The story the 16-year-old victim told the cops was that she had been dating my client for several months but then broke off the relationship. A few days later, she said, my client and one of his friends showed up at her house when her mother was away. When she refused to let them in, my client supposedly asked if she would just loan him her cell phone to make a call. When she opened the door to pass him the phone, she said, the two pushed their way into the house and raped her. Now my client and his buddy were sitting in jail charged not only with sexual battery, but also breaking and entering. They faced possible life sentences.
Frankly, I didn’t know whether or not to believe my client. The prosecutor had deep faith in the victim’s side of the story and would only offer 30 years as a plea bargain against the possibility of life if the case went to trial. But then my investigator came up with a very interesting document. Written in the victim’s own hand it was two pages long and entitled “Incidents.” Each page contained several men’s names along with some cryptic numbers, words, symbols and dates. The first name, for example, was “Marlon.” Under that were the words “two times” followed by “butt ass naked” and then three hand drawn stars, six dates and the name of a local high school.

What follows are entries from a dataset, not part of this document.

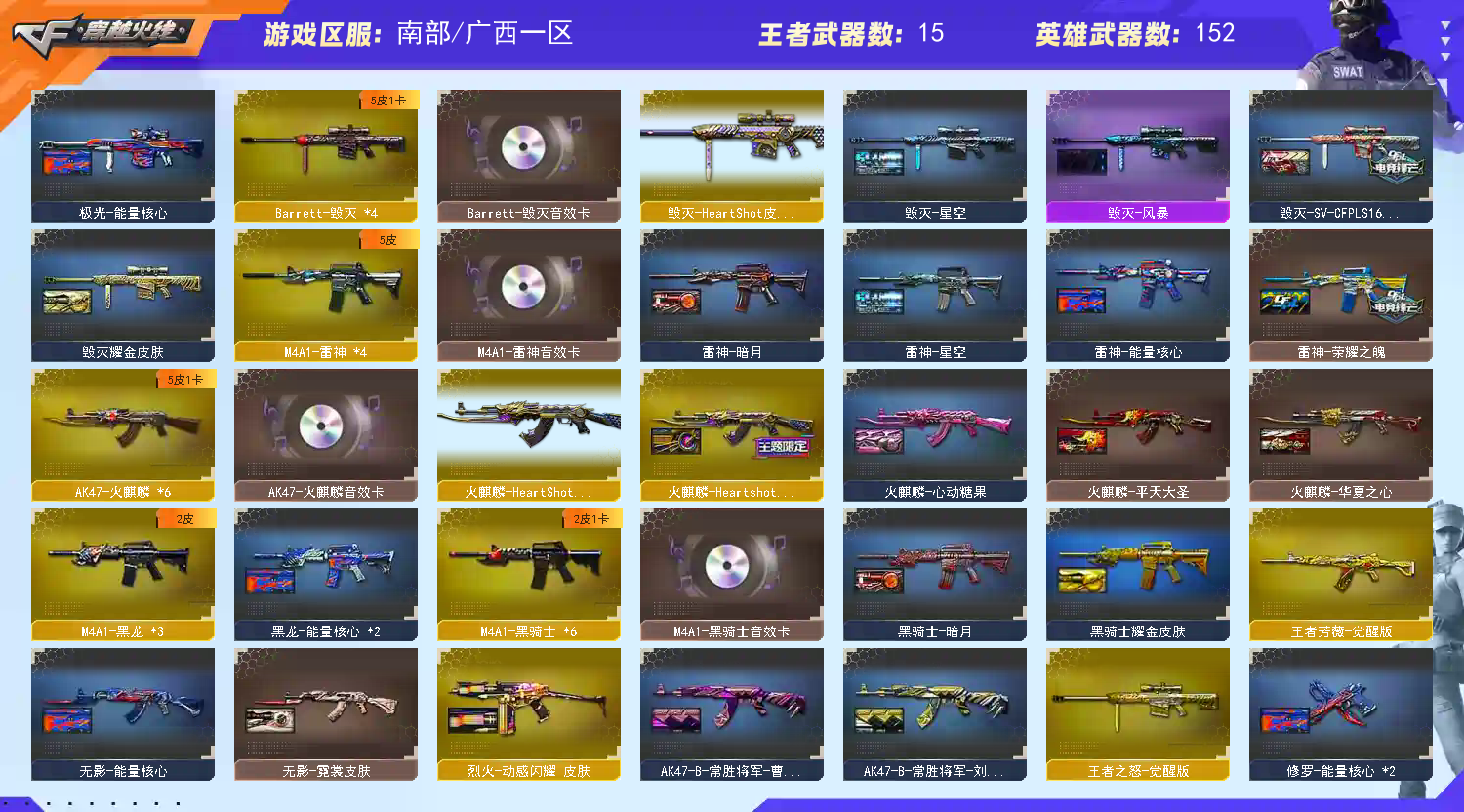【M200幻神女团皮肤】【M200竞技荣光套装+4防云悠悠】【白虎+白虎暗星皮肤】【qbz03金色蔷薇+破浪逐光皮肤】【8烈龙+6盘龙+2炼狱+斯泰尔蝴蝶】【幻灵套装】【qbz191银翼】【王者雷影 王者芳薇 王者之魄 王者之圣 王者之武 王者之怒】【火麒麟+火麒麟音效卡+女团皮肤】【雷神+雷神音效卡+荣耀之魄皮肤】【6黑骑士+黑骑士音效卡】【毁灭+毁灭音效卡+CFPLS16冠军皮肤+女团皮肤】【裁决+流光秘银皮肤】【千变 黑龙 无影 死神 黑武士 天启 超新星 武圣 机械迷城 龙血 青龙 玄武 源雷神III 穹宇 玫瑰精灵 猎神 猩红传说 战士 战神 身先士卒 常胜将军 天龙 极光 巴雷特朱雀 巴雷特金色蔷薇 巴雷特暗月传说 AA12雷霆】——【沙鹰修罗*7 沙鹰天神*2 武圣 cop357幻灵 柯尔特竞技荣光】——【屠龙 龙啸 擎天 麒麟刺 尼泊尔雷霆 斩神刀雷暴 麒麟刺堕天神 龙啸堕天神 幻灵之锋 擎天竞技荣光 王者之啸】——【雷暴投掷武器套装*2 堕天神投掷武器套装*2 幻灵投掷武器套装*3 竞技荣光投掷武器套装*3】——【热门武器/小人枪】【M4A1赤狱骑士 AN91竞魂超新星 AWM昌龙 雷神小红 炫金火麒麟 炫金雷神 炫金千变 炫金武士 裁决雪莉杨 天龙曼陀罗 炫金毁灭】——【角色】【4防(云悠悠 影豹 王者影豹)】【葵 零 樱 战地猎狐】;电竞教官-云悠悠,RPK-盘龙,QBZ03-金色蔷薇,Scar Light-白虎,
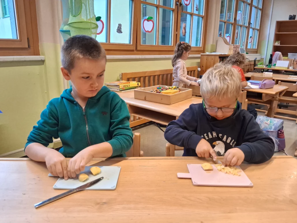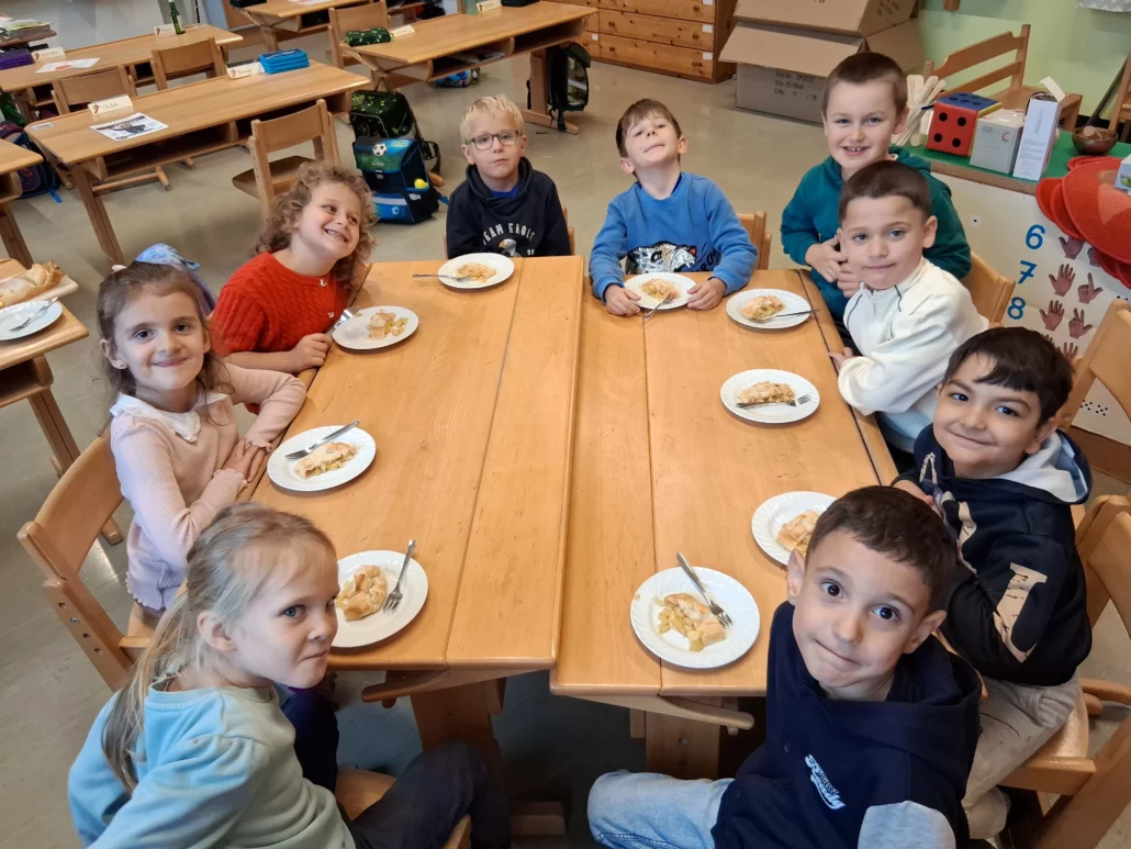Zusammen lernten wir den Zyklus eines Apfelbaums kennen. Die Teile des Apfels wurden benannt und gemeinsam überlegten wir, was aus Äpfeln alles hergestellt werden kann. Außerdem schmücken jetzt gebastelte Apfelbilder unsere Fenster. Die SchülerInnen betrachteten ein Bilderbuch sowie ein Sachbuch über den Apfelbaum. Auch ein passendes Lied und ein Gedicht wurden erlernt. Ein besonderes Highlight war das Backen eines Apfelstrudels! Die Kinder durften Äpfel schälen, schneiden und beim Zubereiten helfen. Zum Abschluss wurde der Apfelstrudel gemeinsam gegessen.
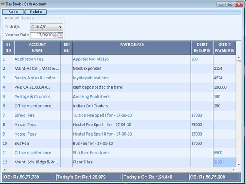Daybooks include: Sales daybook, for recording all the sales invoices. Sales credits daybook, for recording all the sales credit notes. Purchases daybook, for recording all the purchase invoices. Purchases credits daybook, for recording all the purchase credit notes. Cash daybook, usually known as the cash book, for recording all money received. Petty Cash daybook, for recording small value purchases paid for by cash. General Journal daybook, for recording journals.
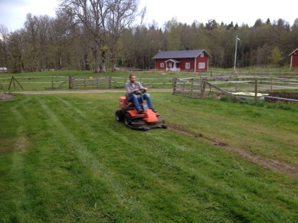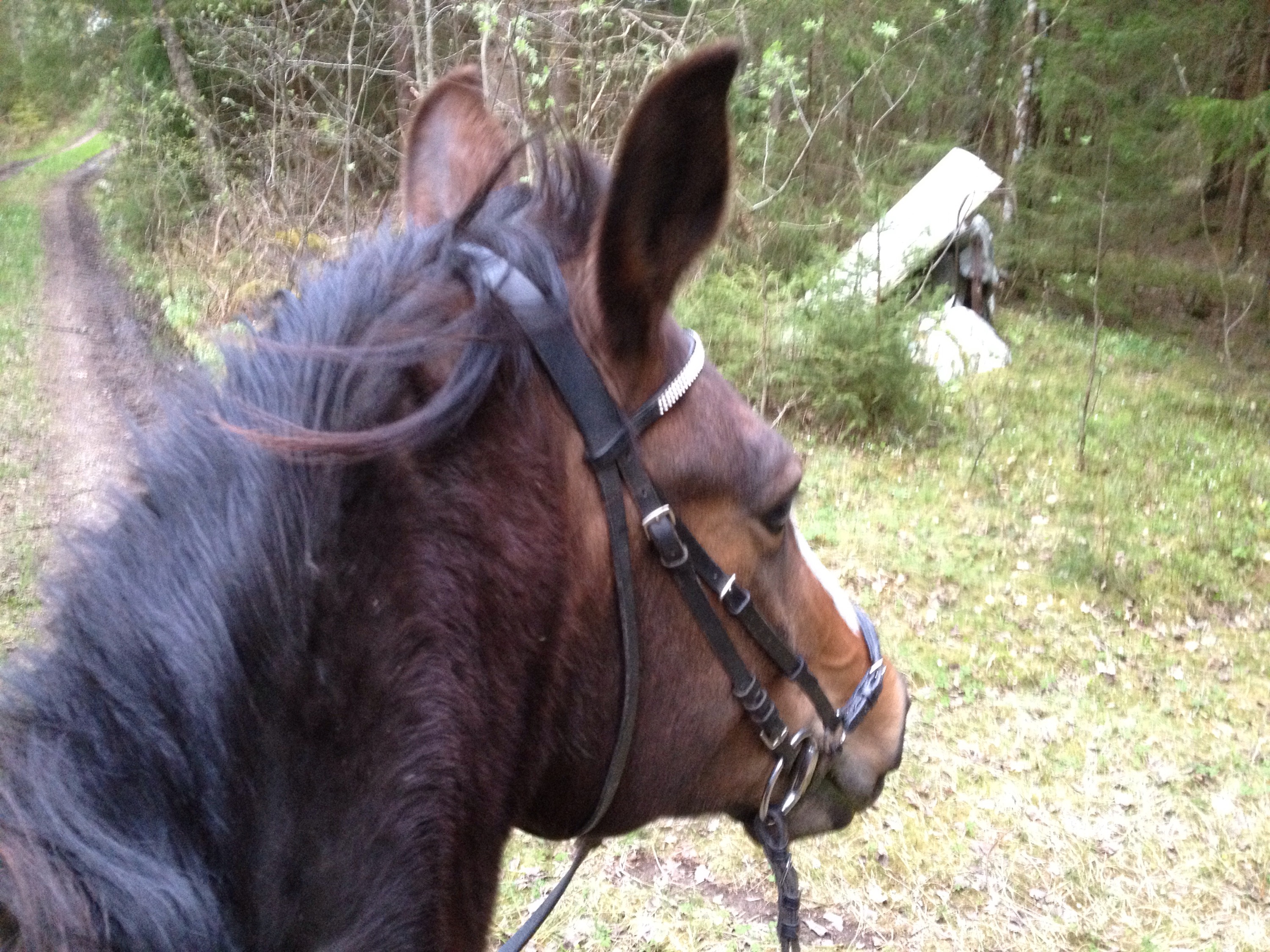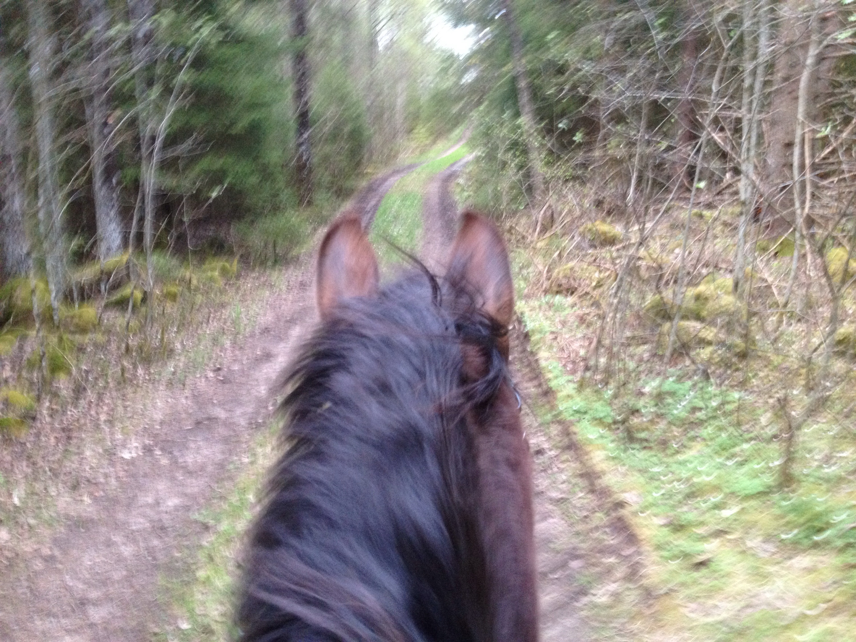 När de åkt hem till sig var klockan strax efter åtta och Axel satte igång med att provköra gräsklipparen för första gången och jag gjorde i ordning Kaprifol för en ridtur! Esmée var lite lugnare idag när vi gav oss iväg och Kaprifol skötte sig exemplariskt på vår första ensamma tur i Ornunga! Jag red bara in på skogsvägen och tillbaka, den kändes lagom för ett första försök. Förutom en tvärnit och ett bocksprång när ett rådjur hoppade upp framför oss gick det utan incidenter. På bortavägen skrittade och travade vi och på hemvägen tog vi en låång helt underbar galopp! Fina härliga häst! Lite spänd var hon och det blåste bra, så jag är supernöjd över att det fick så bra. Nu ska hon bara slappna av ytterligare så hon slutar skita tre gånger i kvarten, sen kan vi bege oss ner på grusvägarna!
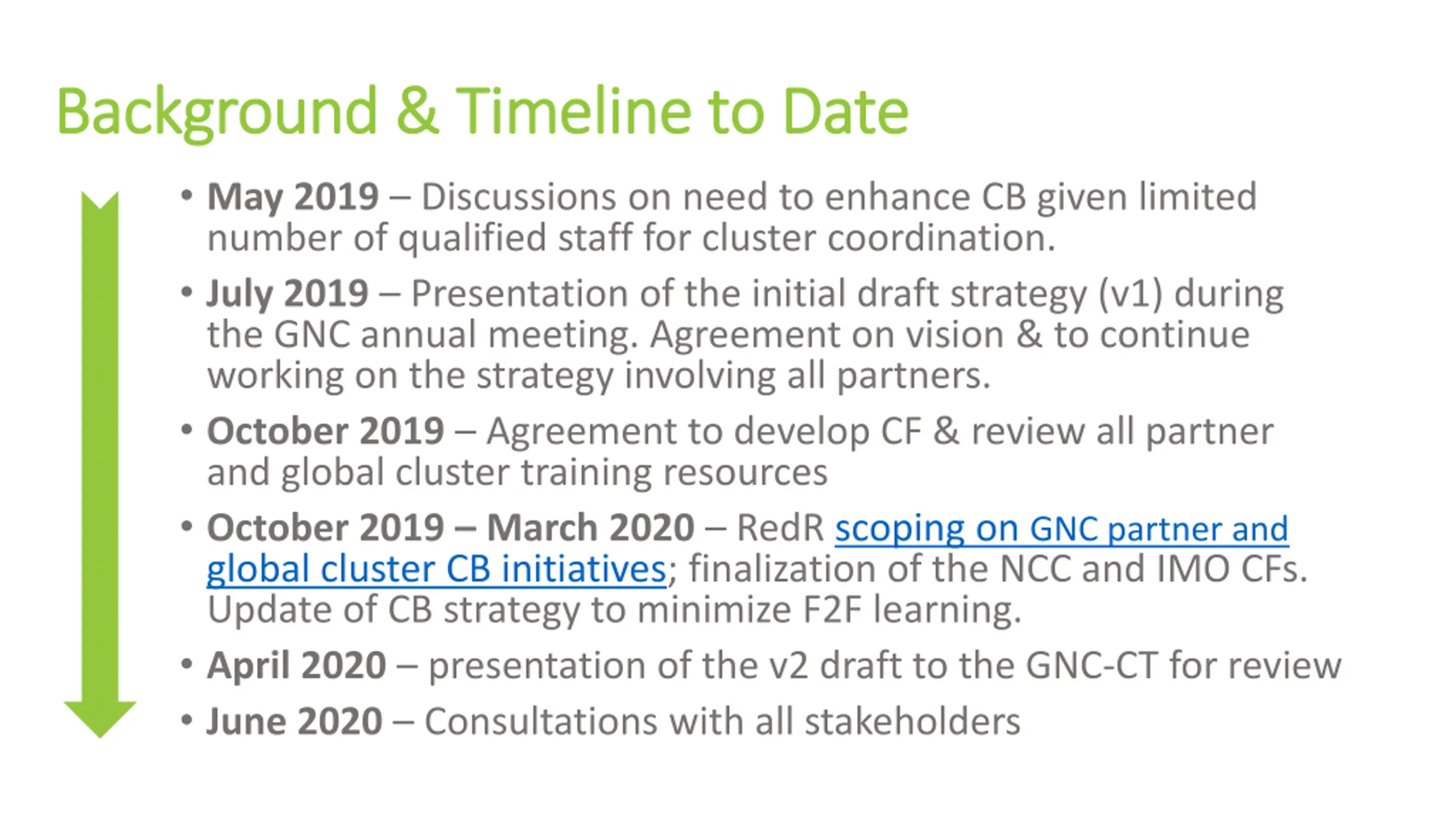 Background & Timeline to Date Background & Timeline to Date May 2019 Discussions on need to enhance CB given limited number of qualified staff for cluster coordination. July 2019 Presentation of the initial draft strategy (v1) during the GNC annual meeting. Agreement on vision & to continue working on the strategy involving all partners. October 2019 Agreement to develop CF & review all partner and global cluster training resources October 2019 March 2020 RedR scoping on GNC partner and global cluster CB initiatives; finalization of the NCC and IMO CFs. Update of CB strategy to minimize F2F learning. April 2020 presentation of the v2 draft to the GNC-CT for review June 2020 Consultations with all stakeholders
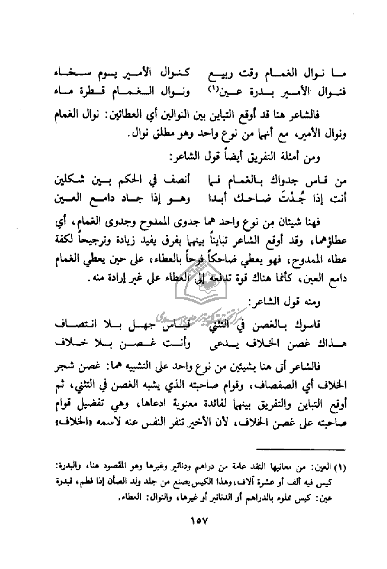 (¬1) العين: من معانيها النقد عامة من دراهم ودنانير وغيرها وهو المقصود هنا، والبدرة:
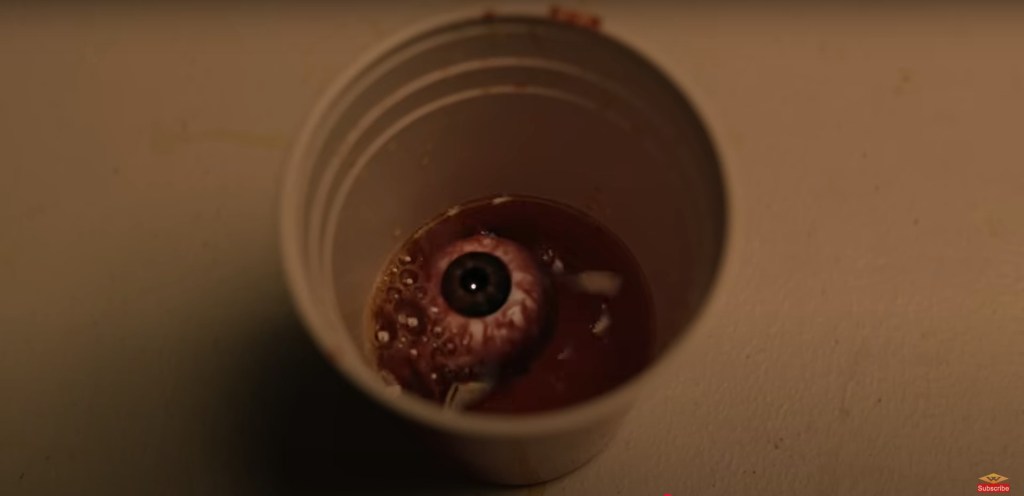 Between the hilariously staged “Jurassic Park” callback moments and an unnerving number of gags around the butt region (raptor feces, fossilized raptor buttholes, butt jokes in general), “The Invisible Raptor” has a lot of humor that’s either smart or misses the mark, but not by much in the cogently confined venture packed full of heart, heroism, and havoc on a prehistoric, science-fiction level.  “The Invisible Raptor” may be a modern-day gory comedy-horror but that gory-horror element combined with a bit of underground covert weaponization of dinosaur has a real throwback sense to the early 90’s to early 2000’s dino-horror, such as the “Carnosaur” films, “Tammy and the T-Rex,” and, of course, “Jurassic Park.”  Dino-horror is a niche subgenre that’s rare explored unless it’s totally satirical (“The Velocipastor,” “The Jurassic Dead”) or rooted more in a lost world aspect, sporadically released throughout the decades with “Raptor Island” or the more perilous journey of “Land of the Lost,” original series and it’s more comedic feature remake.  Hermosa quickly moves out from the testing bunker lab that has been the Raptor’s home and where the scientist treat it like an adored, harmless child, a theme of attachment to harmful things we shouldn’t be attached to and gets right into the mayhem by letting it loose in only a way one could perceive a raptor would – in indiscriminating bloodshed.   Hermosa also doesn’t flinch with an invisible titular foe, one the actors have to mentally conjure up to play against in a combative or cat-and-mouse scene, with neatly composited special and visual effects of floating objects, quickly consumed severed heads, and silhouette work through blood spray, heat vision, and a shower curtain by the talented Steve Johnson (“Lord of Illusions,” “Species II”) and Dorian Cleavenger, both of who bring years of experience and both of whom have worked together for the effects of Robert Englund’s “Fear Clinic.”

I suspected we had hit pay dirt. I figured this was some kind of list of men with whom the victim had engaged in sex. But to prove that I would have to put her under oath and ask her what it all meant. Trouble is, in most rape cases the Rape Shield Statute prohibits the defense from inquiring into the victim’s past history of sexual escapades on the grounds that even a prostitute can be raped. But there are exceptions to the Rape Shield Statute and I won just such an exception by arguing that the statute didn’t apply when questions of consent were at issue. I dreaded taking a sworn deposition from the young girl in which I would take her through what I knew would be a traumatic recitation if the “Incidents” document was what I thought it was, but I also knew that my client’s future depended upon this single document.
As I suspected, the nine guys named on the “Incidents” list were high school boys with whom the victim had been intimate. When she wrote, for example, “6 times” next to Randy’s name, it meant that she had sex with him on six separate occasions. If a guy received four stars, like Michael did, that meant that the sex was outstanding. A boy who received no stars, like poor Tyrone, was “no good,” she explained. She also said she wrote things like “butt ass naked” to help her remember whether the encounter involved clothing. The dates, of course, were the dates on which she had sex with the boy in question. All the dates were clustered within one year and led right up to my client’s name and two dates. In case you’re wondering, he rated three stars and they did it with their clothes on. I tried to be as pleasant and professional as possible, but she still wound up breaking down and crying several times during the deposition. I know we were both glad when her testimony was over.
A few days later I got a call from the prosecutor informing me that the charges against my client were being dropped. I didn’t ask why, I just thanked her. I’ll probably never know if the prosecutor dropped the charges because the “Incidents” list undermined her confidence in the victim’s honesty or whether she simply realized that it would be too difficult to win the case against my client with the “Incidents” list entered into evidence and the victim facing another grueling examination in front of open court.